- Problem statement -
Set the records down again exactly, apart from any pictures in them.

[Collected data entries]

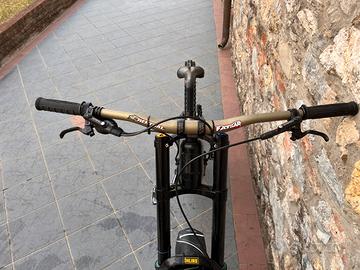 La bici si presenta pellicolata lateralmente sul trinagolo principale e e sul carro, riporta alcuni segni di usura dove non arriva la pellicola e all’interno nel carro
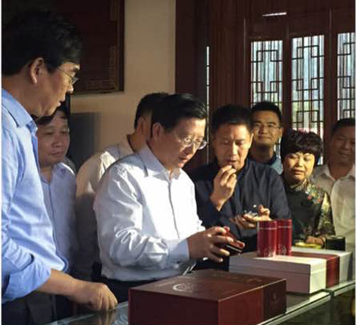 在犹江绿月生产车间,强卫书记一边走,一边看,一边问,看的认真,问的仔细,详细了解了公司标准化制茶过程及产品市场销售情况,认真听取致富带头人陈有良关于公司发展情况汇报,对公司以“公司 合作社 基地 农户”的模式,创新“茶旅”致富路,以龙头带动全民共同致富的做法给予充分肯定。强卫指出,要依托当地优越的生态文化等资源优势,以茶产业为载体,坚持茶产业与旅游业相结合,以“接二连三”为路径,加快现代休闲农业发展,把上犹县园村打造成全国乡村旅游示范点。
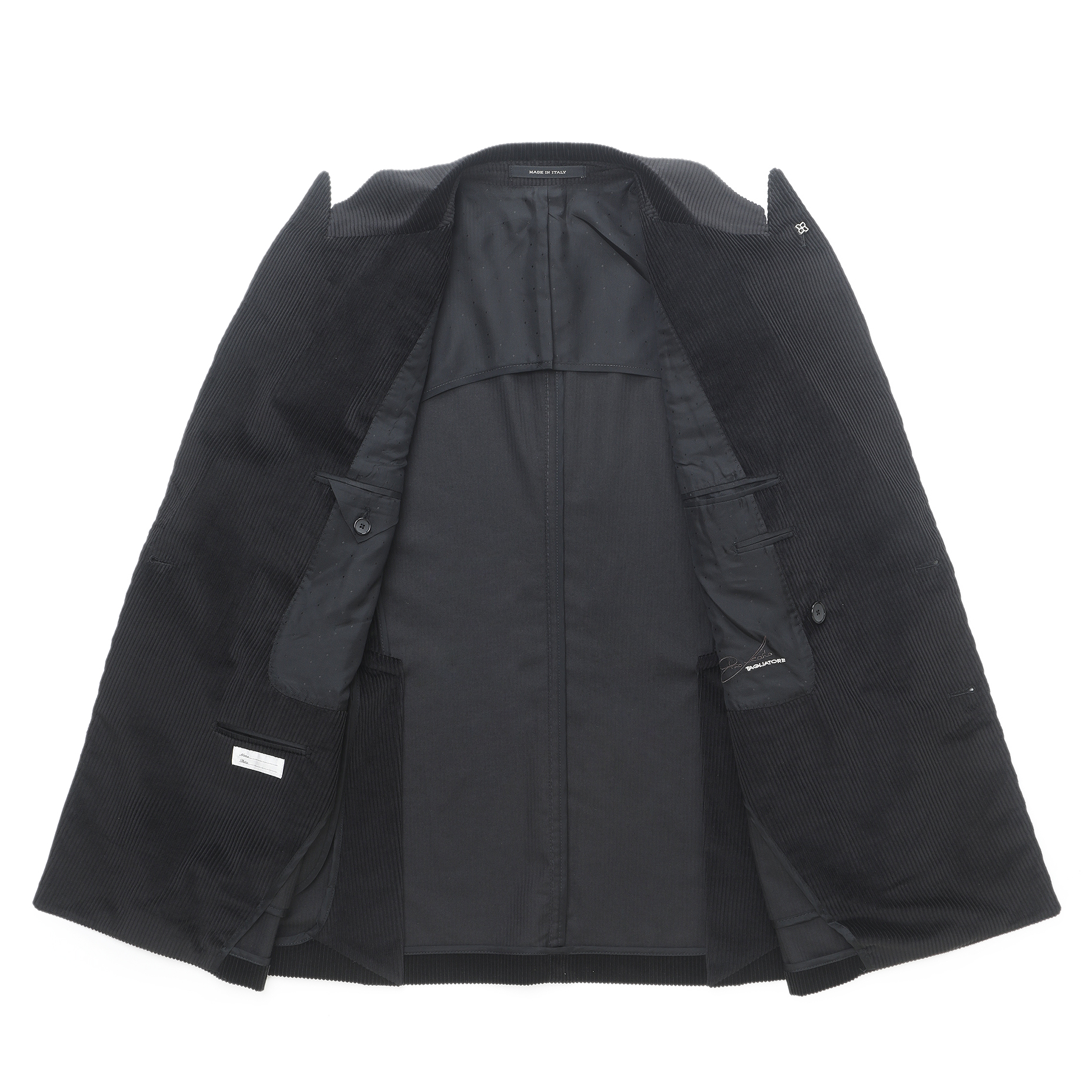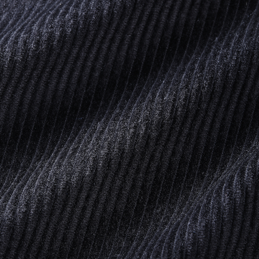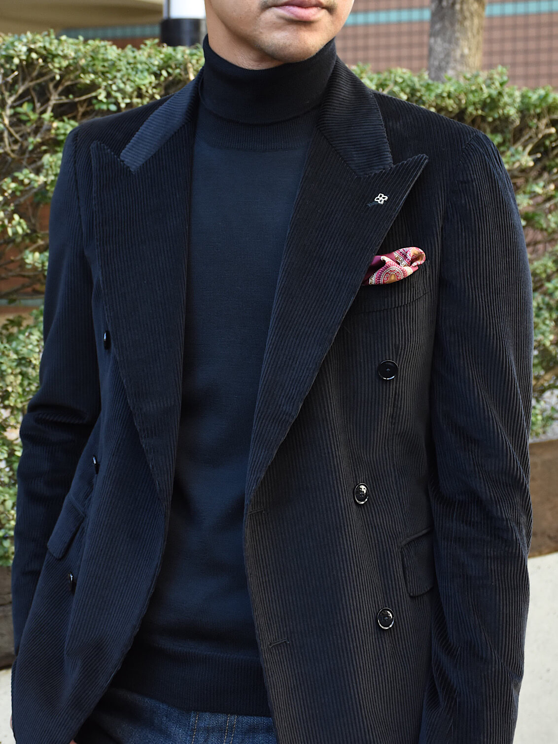 ・モードなムードを活かすべくBRがセレクトしたのはブラックコーデュロイ。黒という色合いによってモードなデザインが引き立てられるだけではなく、カシミア混なのでラグジュアリー感もプラスされています。目付は325グラム。袖ボタンは通常と異なり5個づつ付けられるようになっており、ディテールにも抜かりはありません。
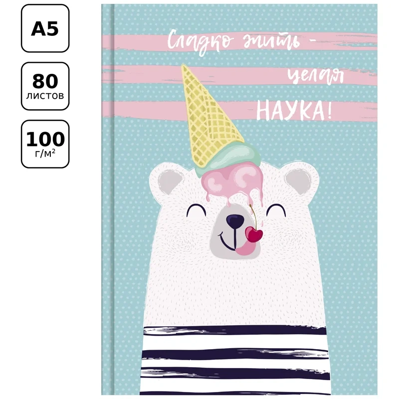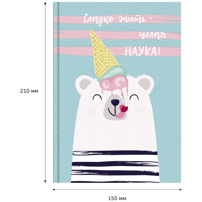 Скетчбук BG серии «Сладкая жизнь» удобного формата А5 и размера 151*211 мм со стильным изображением белого мишки является прекрасным помощником в создании эскизов, быстрых набросков, а также записей. Твёрдая обложка (7БЦ) выполнена из картона с матовой ламинацией и блёстками. Внутренний блок состоит из 80 нелинованных белых листов с градиентом офсетной бумаги плотностью 100 г/кв. м. Сшитый блок делает использование тетради для эскизов комфортным и надёжным. Все рисунки и записи будут храниться в одном месте.
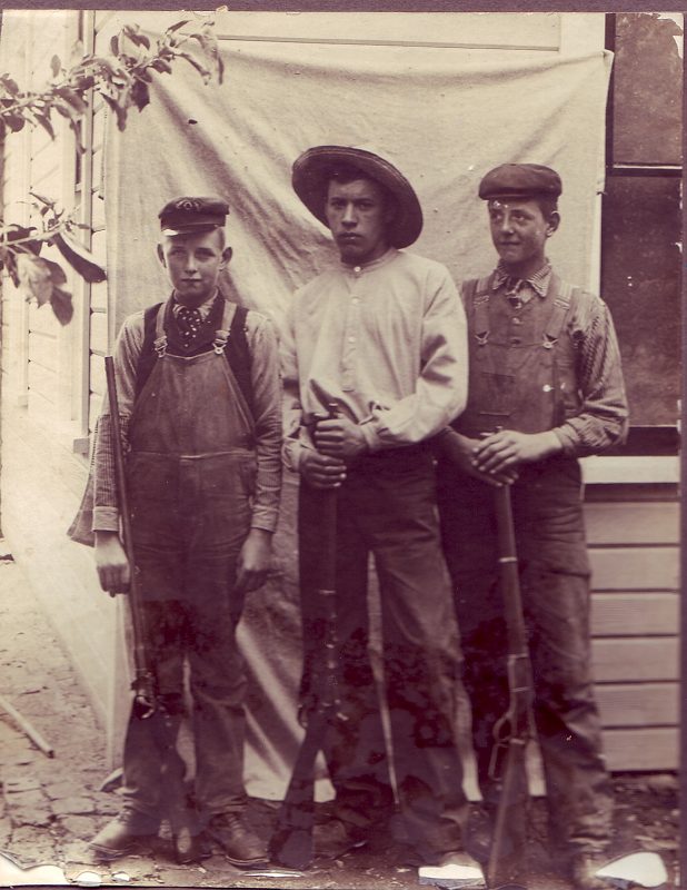 However this firearm has been in my family for a long time, and accordingly has a bit of sentimental value which surpasses the monetary kind. Below is a picture of my Grandfather (on left) as a boy holding it circa 1903. Discerning observers will also note the rifle in the hands of his brother (far right), is the 1876 SRC illustrated on my Winchester page. Pretty neat huh?

- Task answer -
 La bici si presenta pellicolata lateralmente sul trinagolo principale e e sul carro, riporta alcuni segni di usura dove non arriva la pellicola e all’interno nel carro
 在犹江绿月生产车间,强卫书记一边走,一边看,一边问,看的认真,问的仔细,详细了解了公司标准化制茶过程及产品市场销售情况,认真听取致富带头人陈有良关于公司发展情况汇报,对公司以“公司 合作社 基地 农户”的模式,创新“茶旅”致富路,以龙头带动全民共同致富的做法给予充分肯定。强卫指出,要依托当地优越的生态文化等资源优势,以茶产业为载体,坚持茶产业与旅游业相结合,以“接二连三”为路径,加快现代休闲农业发展,把上犹县园村打造成全国乡村旅游示范点。
 ・モードなムードを活かすべくBRがセレクトしたのはブラックコーデュロイ。黒という色合いによってモードなデザインが引き立てられるだけではなく、カシミア混なのでラグジュアリー感もプラスされています。目付は325グラム。袖ボタンは通常と異なり5個づつ付けられるようになっており、ディテールにも抜かりはありません。
 Скетчбук BG серии «Сладкая жизнь» удобного формата А5 и размера 151*211 мм со стильным изображением белого мишки является прекрасным помощником в создании эскизов, быстрых набросков, а также записей. Твёрдая обложка (7БЦ) выполнена из картона с матовой ламинацией и блёстками. Внутренний блок состоит из 80 нелинованных белых листов с градиентом офсетной бумаги плотностью 100 г/кв. м. Сшитый блок делает использование тетради для эскизов комфортным и надёжным. Все рисунки и записи будут храниться в одном месте.
 However this firearm has been in my family for a long time, and accordingly has a bit of sentimental value which surpasses the monetary kind. Below is a picture of my Grandfather (on left) as a boy holding it circa 1903. Discerning observers will also note the rifle in the hands of his brother (far right), is the 1876 SRC illustrated on my Winchester page. Pretty neat huh?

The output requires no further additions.